Певица смотрит на него серыми серьезными глазами, отрицательно качая головой.
— Честное комсомольское?
— С чего ты взял? — улыбается певица. — Какая я нэпманша? Актриса — это совсем другое дело. А песня… Так разве только в песнях правда?..
— И здоровые же у тебя куры, — заминая неприятный разговор, шепчет Мотька, показывая на юбочку из белых перьев. — Я таких даже никогда не видел.

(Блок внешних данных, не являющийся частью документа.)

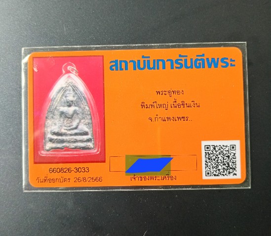 วัดใจ พระอู่ทอง พิมพ์ใหญ่ เนื้อชินเงิน จ.กำแพงเพชร พร้อมบัตรรับรองจากจีพระ |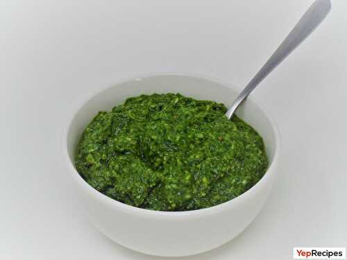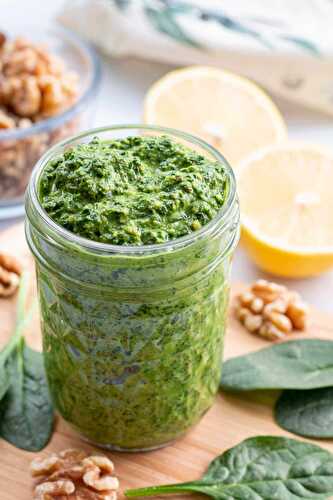 A homemade pesto sauce made with fresh baby spinach, walnuts, garlic, Parmesan, and olive oil.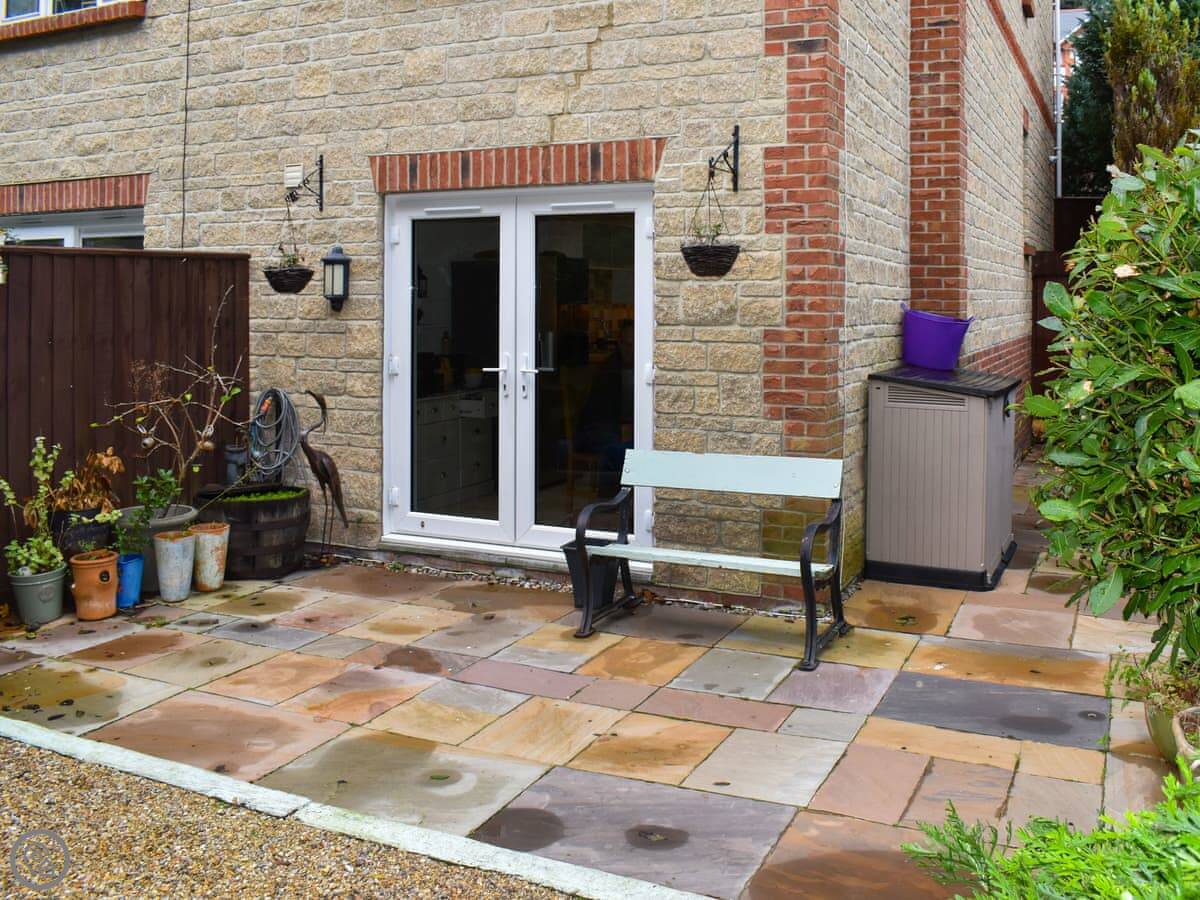The view is what you'll notice first. It looks straight out over the downs. St Boniface Down is right there, which is National Trust land. Good for a walk. The garden patio is a sun trap. The patio doors from the kitchen open right onto it. There's a woodburner in the lounge for colder evenings.

— Это страусы, — отзывается певица.
Она поднимается на сцену и, положив руку на плечо гармонисту, чтобы тот перестал играть, шагнув к самому краю зеленого ковра, громко говорит:
— Давайте подумаем о тяжелом! Там ведь столько людей без крошки хлеба, прямо на краю гибели!..
Становится тихо. Верно, это и есть «огненные слова», о которых рассказывал Ерохин.
Теперь нас останавливают почти у каждого столика и кладут что-нибудь в кружку.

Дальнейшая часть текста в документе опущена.